For the entries below, copy exactly the line that contains "Skarpety damskie - z" through the line that contains "Звездовские траки встали", both ends included, and exclude all pictures.

╭─ Stored data

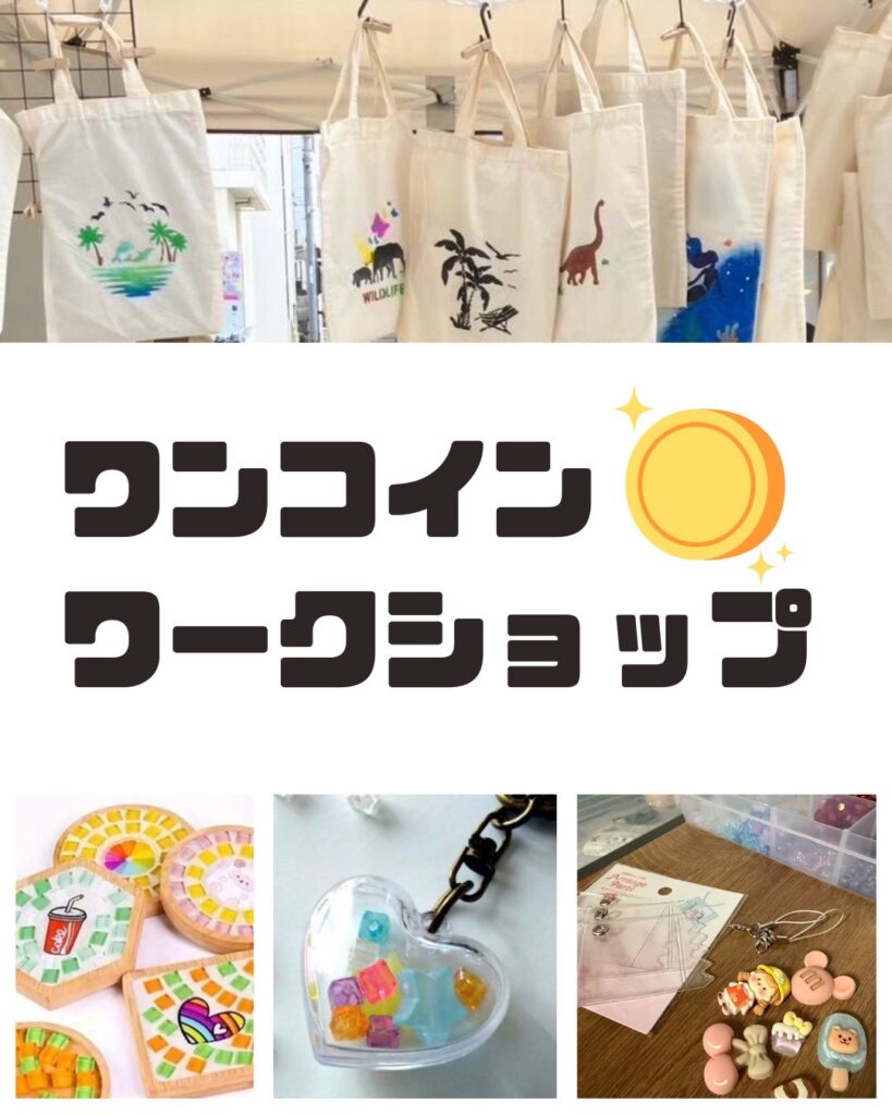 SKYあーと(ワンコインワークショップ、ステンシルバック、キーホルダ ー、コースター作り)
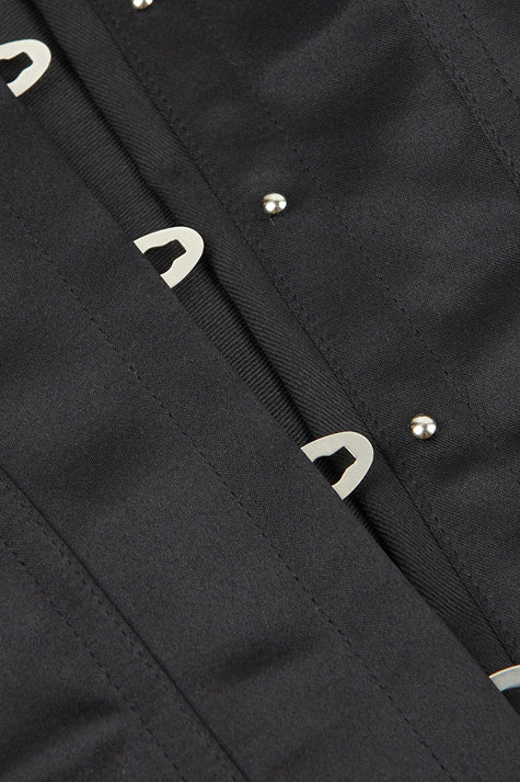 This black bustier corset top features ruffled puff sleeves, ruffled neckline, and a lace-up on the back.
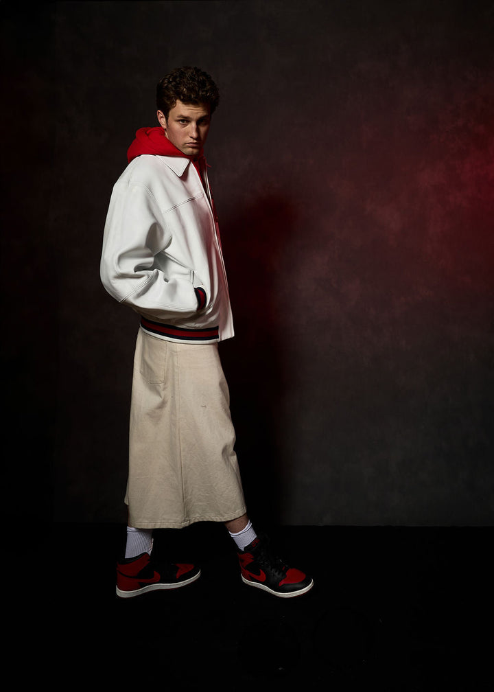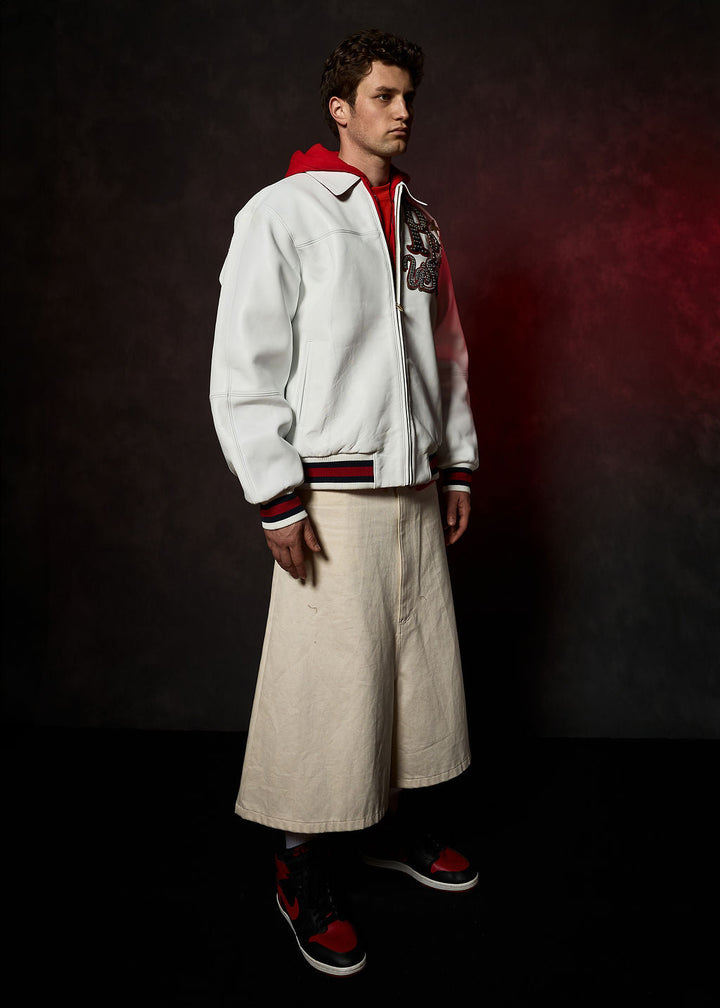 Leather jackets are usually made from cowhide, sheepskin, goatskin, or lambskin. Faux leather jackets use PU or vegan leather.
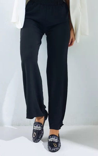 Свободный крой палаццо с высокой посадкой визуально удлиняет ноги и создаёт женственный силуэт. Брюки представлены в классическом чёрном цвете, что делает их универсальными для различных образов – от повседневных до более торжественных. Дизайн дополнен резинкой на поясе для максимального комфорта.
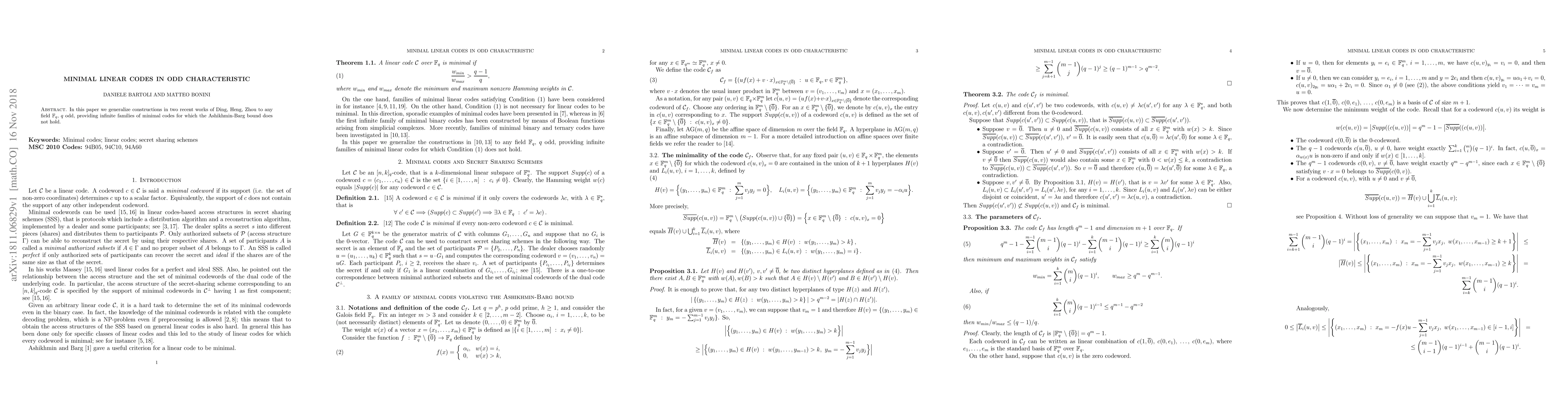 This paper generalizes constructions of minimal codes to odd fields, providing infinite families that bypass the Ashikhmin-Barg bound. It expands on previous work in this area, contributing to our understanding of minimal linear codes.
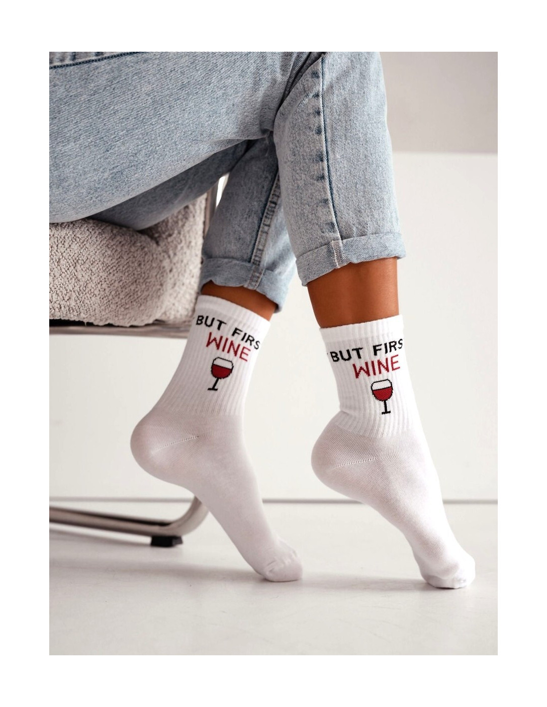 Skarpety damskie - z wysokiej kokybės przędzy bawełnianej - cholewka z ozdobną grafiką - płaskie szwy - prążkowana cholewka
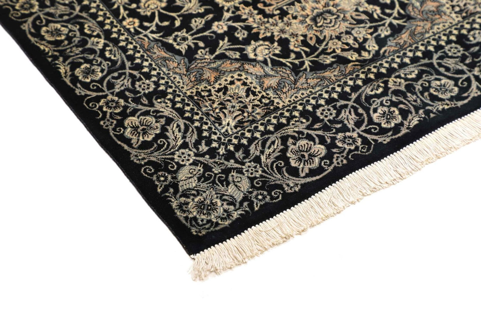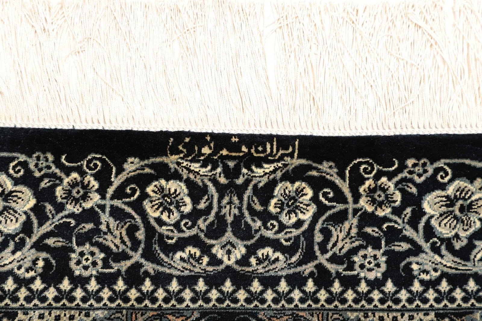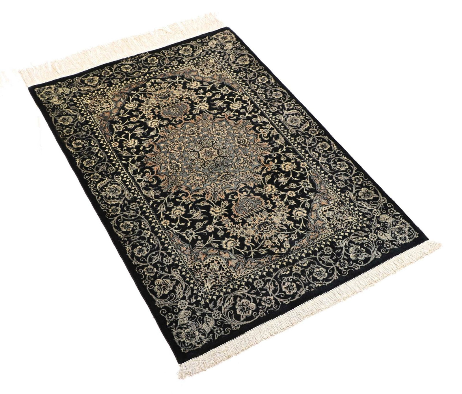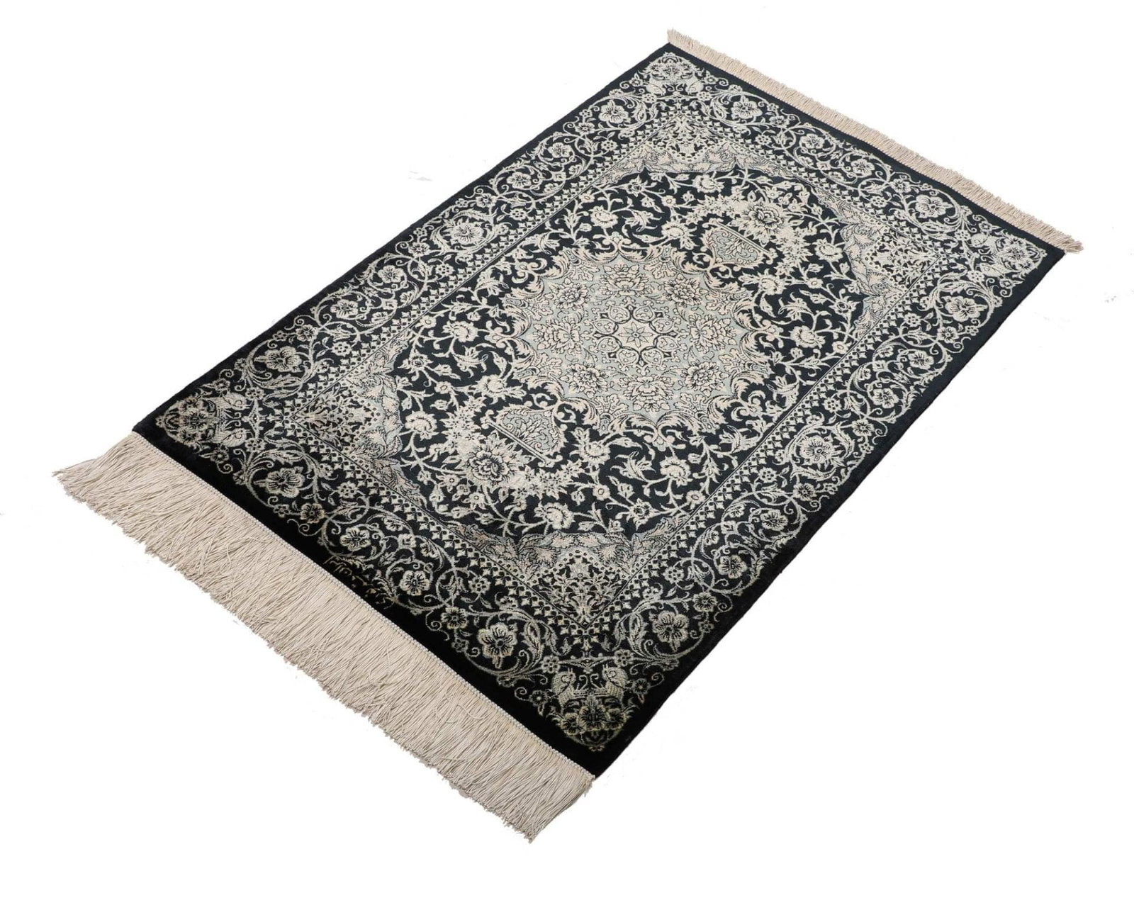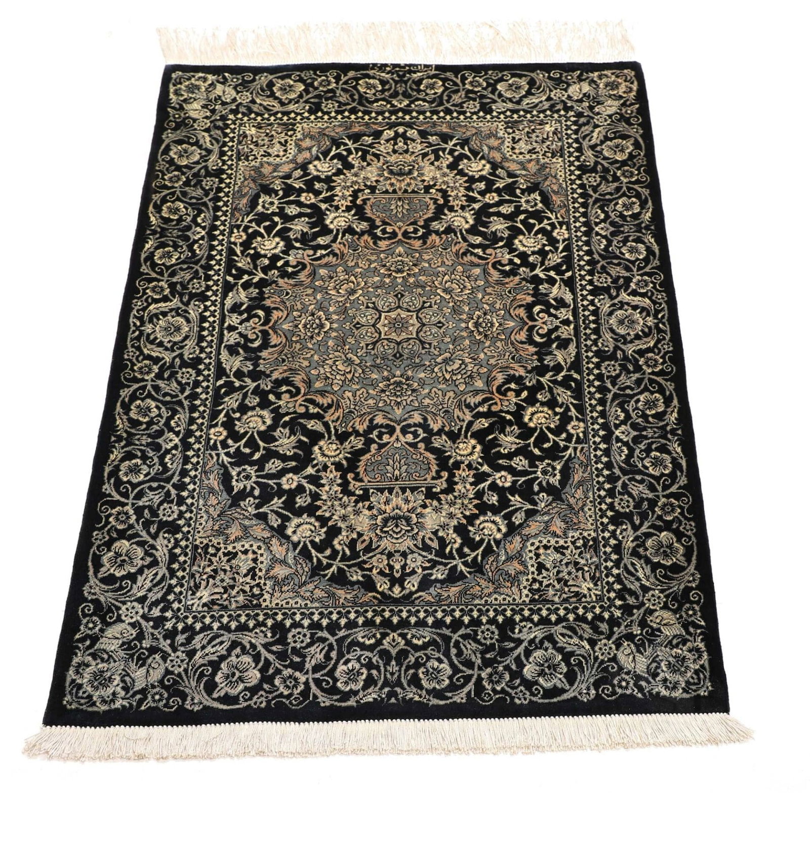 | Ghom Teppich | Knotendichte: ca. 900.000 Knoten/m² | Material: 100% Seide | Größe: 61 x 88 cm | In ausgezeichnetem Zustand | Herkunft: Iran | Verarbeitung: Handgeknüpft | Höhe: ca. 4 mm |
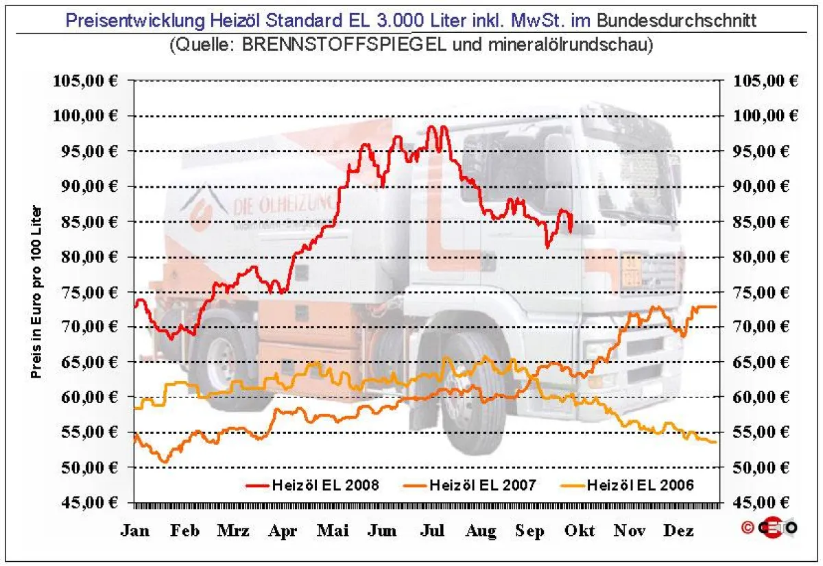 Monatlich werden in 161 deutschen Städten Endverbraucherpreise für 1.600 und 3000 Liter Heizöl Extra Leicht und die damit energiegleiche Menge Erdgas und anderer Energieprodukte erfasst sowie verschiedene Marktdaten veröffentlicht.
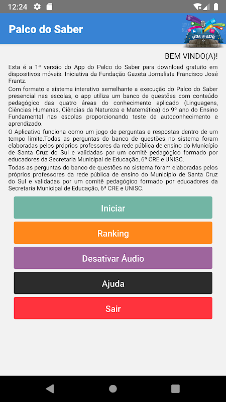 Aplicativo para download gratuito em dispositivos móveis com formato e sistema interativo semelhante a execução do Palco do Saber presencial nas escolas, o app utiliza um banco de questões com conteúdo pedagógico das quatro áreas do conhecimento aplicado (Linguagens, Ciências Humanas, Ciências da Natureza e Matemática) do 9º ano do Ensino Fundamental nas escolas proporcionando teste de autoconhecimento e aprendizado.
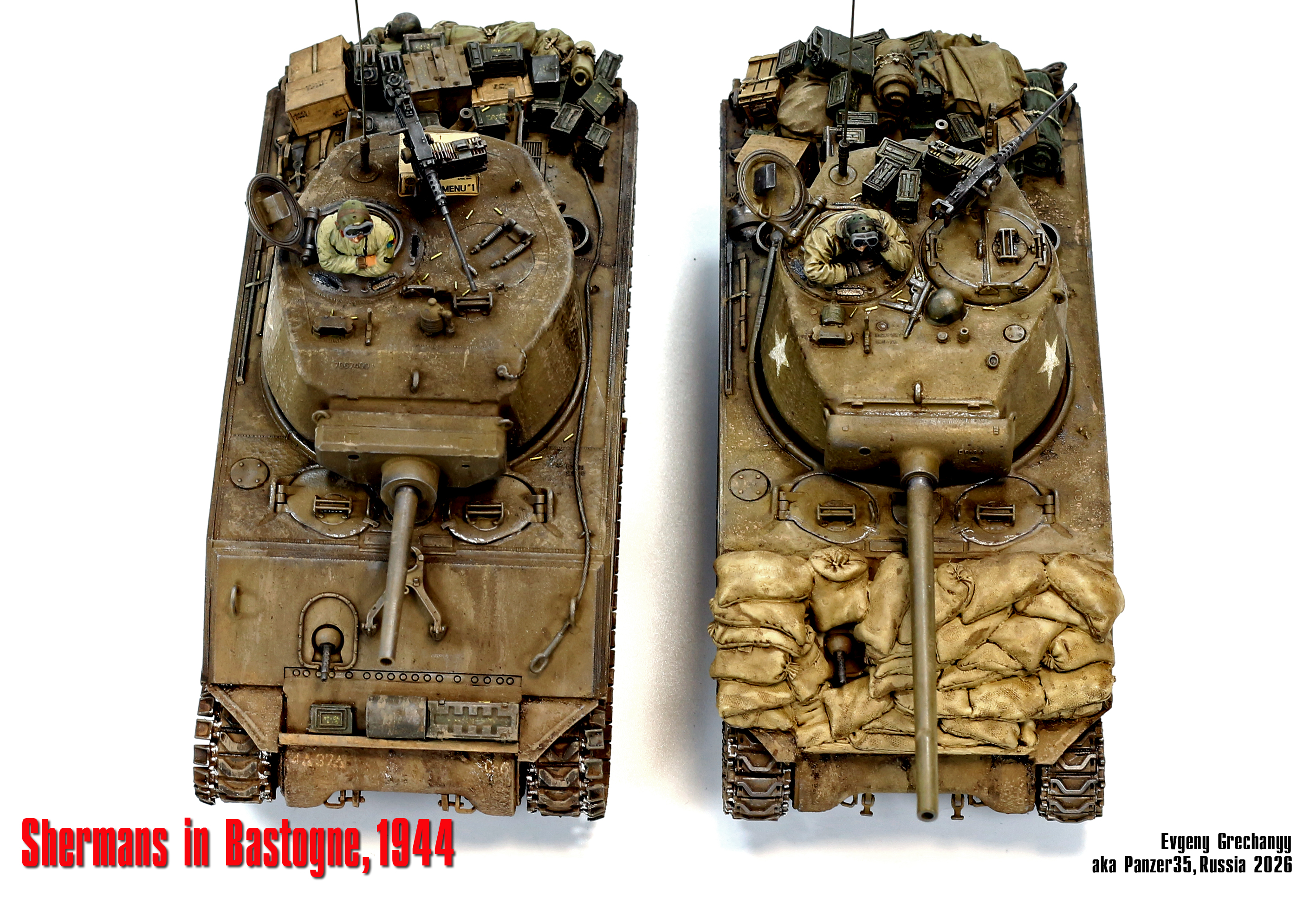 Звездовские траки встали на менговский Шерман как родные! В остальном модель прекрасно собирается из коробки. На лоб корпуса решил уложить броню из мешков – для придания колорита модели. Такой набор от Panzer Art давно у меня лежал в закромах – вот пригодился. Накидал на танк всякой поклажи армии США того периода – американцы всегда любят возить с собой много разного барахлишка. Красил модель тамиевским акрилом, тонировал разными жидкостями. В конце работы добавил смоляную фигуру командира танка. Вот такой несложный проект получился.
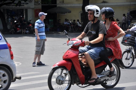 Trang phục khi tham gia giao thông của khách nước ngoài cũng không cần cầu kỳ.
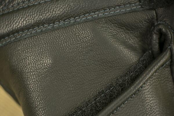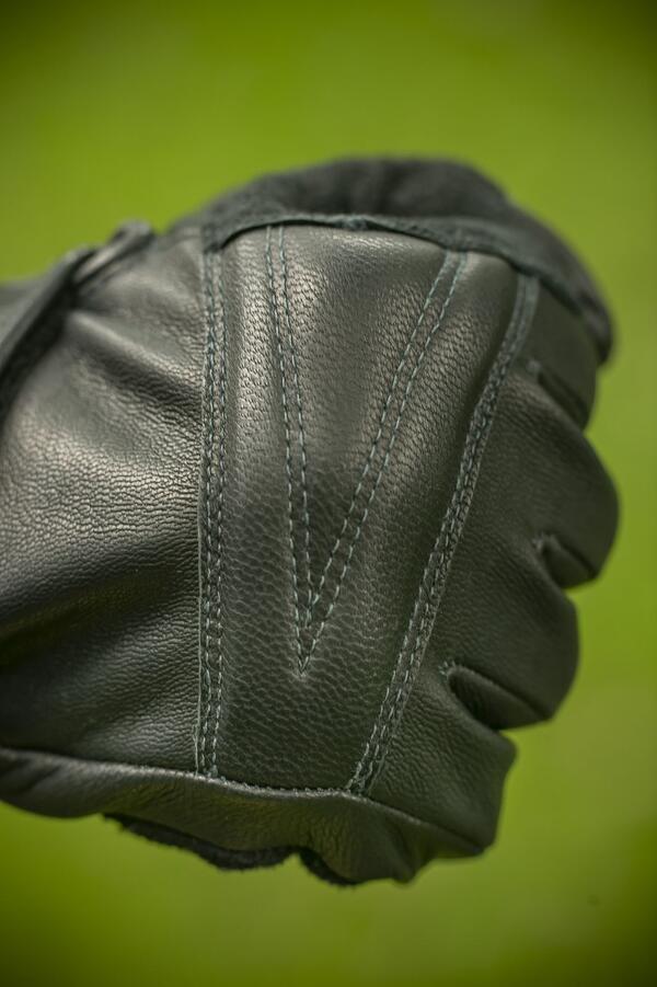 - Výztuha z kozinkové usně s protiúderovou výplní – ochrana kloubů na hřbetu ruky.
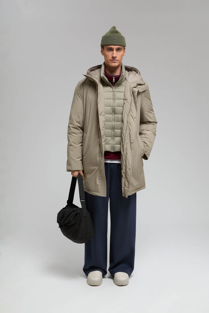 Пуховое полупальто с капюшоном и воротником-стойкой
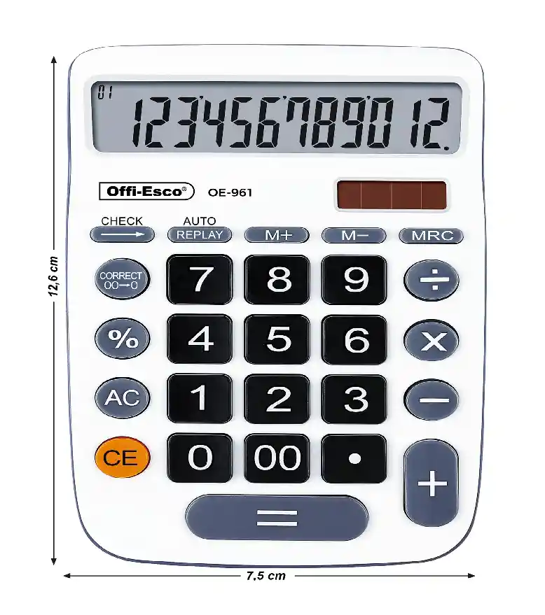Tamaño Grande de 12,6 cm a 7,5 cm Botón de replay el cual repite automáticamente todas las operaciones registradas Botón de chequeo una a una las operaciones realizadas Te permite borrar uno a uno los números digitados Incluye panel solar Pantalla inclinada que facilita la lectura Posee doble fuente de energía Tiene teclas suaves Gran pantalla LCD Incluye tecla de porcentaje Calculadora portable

╰─

§ Output below
 Skarpety damskie - z wysokiej kokybės przędzy bawełnianej - cholewka z ozdobną grafiką - płaskie szwy - prążkowana cholewka
 | Ghom Teppich | Knotendichte: ca. 900.000 Knoten/m² | Material: 100% Seide | Größe: 61 x 88 cm | In ausgezeichnetem Zustand | Herkunft: Iran | Verarbeitung: Handgeknüpft | Höhe: ca. 4 mm |
 Monatlich werden in 161 deutschen Städten Endverbraucherpreise für 1.600 und 3000 Liter Heizöl Extra Leicht und die damit energiegleiche Menge Erdgas und anderer Energieprodukte erfasst sowie verschiedene Marktdaten veröffentlicht.
 Aplicativo para download gratuito em dispositivos móveis com formato e sistema interativo semelhante a execução do Palco do Saber presencial nas escolas, o app utiliza um banco de questões com conteúdo pedagógico das quatro áreas do conhecimento aplicado (Linguagens, Ciências Humanas, Ciências da Natureza e Matemática) do 9º ano do Ensino Fundamental nas escolas proporcionando teste de autoconhecimento e aprendizado.
 Звездовские траки встали на менговский Шерман как родные! В остальном модель прекрасно собирается из коробки. На лоб корпуса решил уложить броню из мешков – для придания колорита модели. Такой набор от Panzer Art давно у меня лежал в закромах – вот пригодился. Накидал на танк всякой поклажи армии США того периода – американцы всегда любят возить с собой много разного барахлишка. Красил модель тамиевским акрилом, тонировал разными жидкостями. В конце работы добавил смоляную фигуру командира танка. Вот такой несложный проект получился.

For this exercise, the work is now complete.